Exercise directions:
Please output only the lines running from the one that contains "Ürün Özellikleri: A-line" through the last line of the data below, exactly as they stand, with no pictures.

Records from a collection:
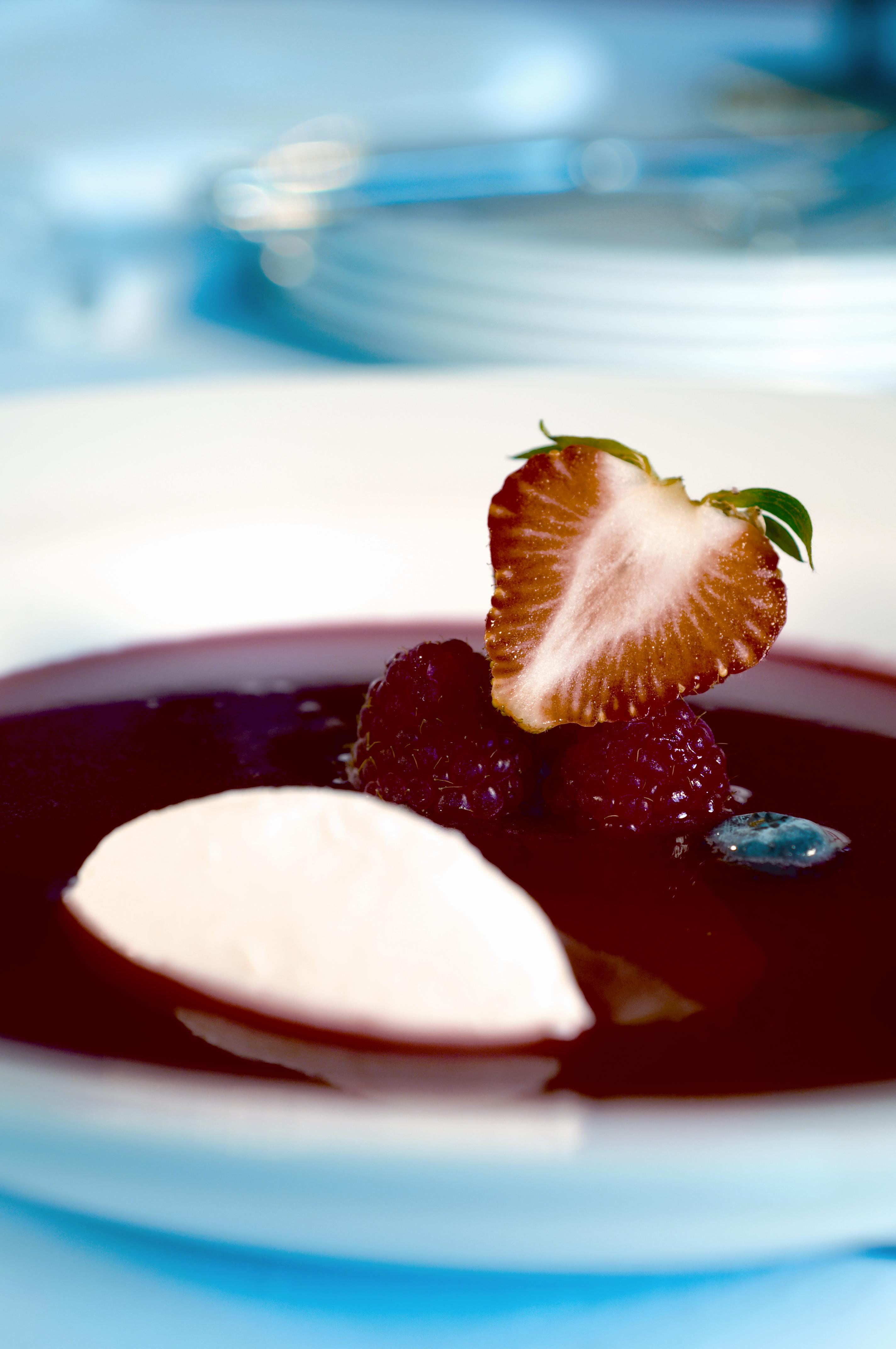 If you’re lucky, like me, to have plum trees in your garden, you’ll occasionally end up with a surfeit to enable you to make this rather unusual dish. Unusual in that it’s a chilled soup as a dessert but it’s a doddle to make. In this recipe we’ve used a vanilla pod. If you can’t get your hands on one, you could use a few drops of vanilla extract but please, don’t use anything called vanilla flavouring. It just won’t have the same effect.
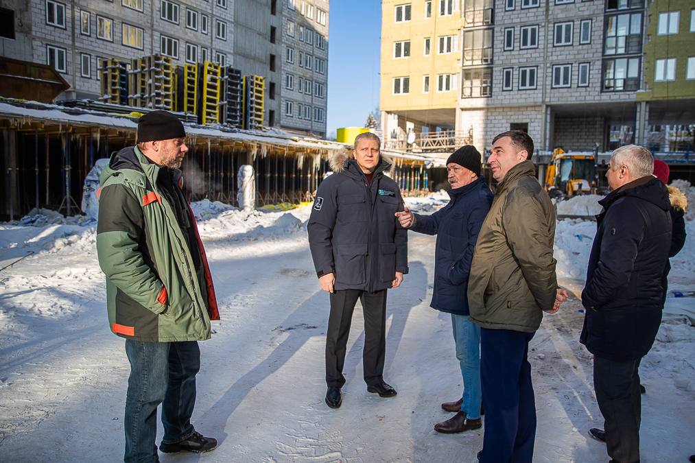 Проинспектировал ход работ на площадке. Общая готовность объекта — около 80%. Сейчас подрядчик устанавливает оконные блоки и ведёт утепление фасадов. После этого приступят к монтажу навесных вентилируемых плит из керамогранита, на первом этаже выполнят облицовку клинкерной плиткой. Параллельно продолжается устройство перекрытий подземной парковки.
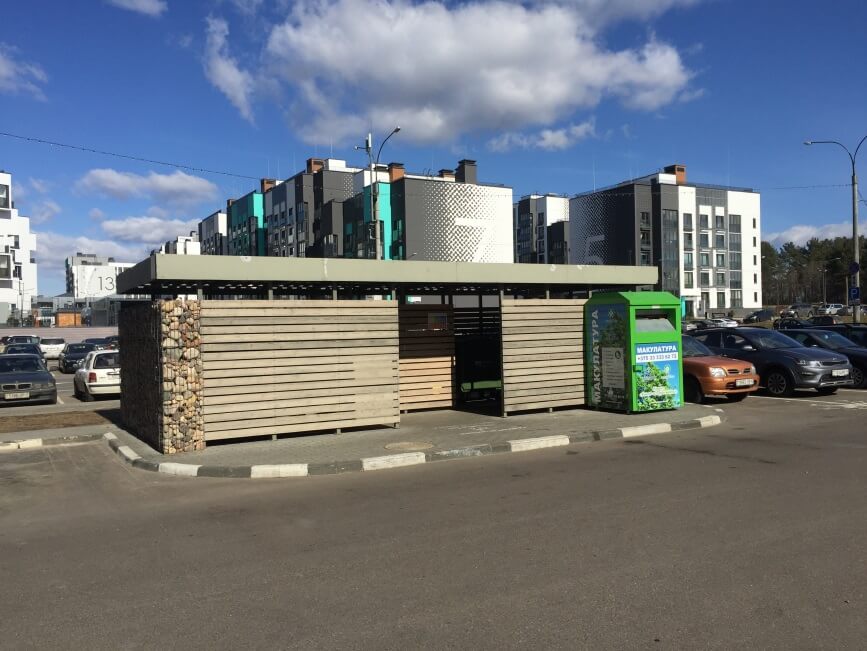 Фото 19. Павильон для раздельного сбора мусора, расположенный рядом с парковкой личных автомобилей жильцов. Жилой район «Новая Боровая» в Минске |
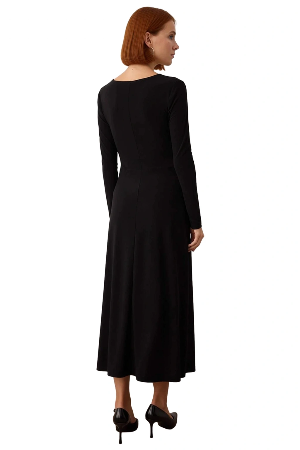 Ürün Özellikleri: A-line kalıp, 96% polyester 4% elastan materyal, düz desen, V yaka, standart kol, sandy kumaş, siyah renk.
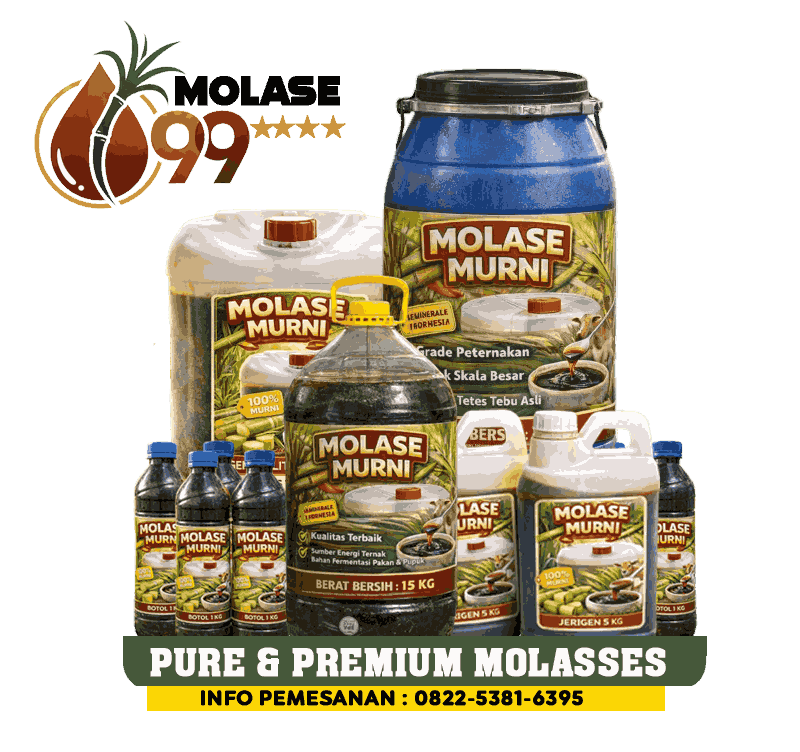 Anda mencari Supplier tetes tebu molase PG Sragi Pekalongan - Molase99 adalah nutrisi multifungsi yang efektif sebagai booster nafsu makan ternak, aktivator fermentasi pakan dan pupuk, serta penjaga kualitas air pada tambak/bioflok. Kaya akan energi alami, produk ini menjadi solusi hemat untuk meningkatkan produktivitas hasil peternakan, perikanan, hingga bahan baku industri secara optimal

Written response:
 Ürün Özellikleri: A-line kalıp, 96% polyester 4% elastan materyal, düz desen, V yaka, standart kol, sandy kumaş, siyah renk.
 Anda mencari Supplier tetes tebu molase PG Sragi Pekalongan - Molase99 adalah nutrisi multifungsi yang efektif sebagai booster nafsu makan ternak, aktivator fermentasi pakan dan pupuk, serta penjaga kualitas air pada tambak/bioflok. Kaya akan energi alami, produk ini menjadi solusi hemat untuk meningkatkan produktivitas hasil peternakan, perikanan, hingga bahan baku industri secara optimal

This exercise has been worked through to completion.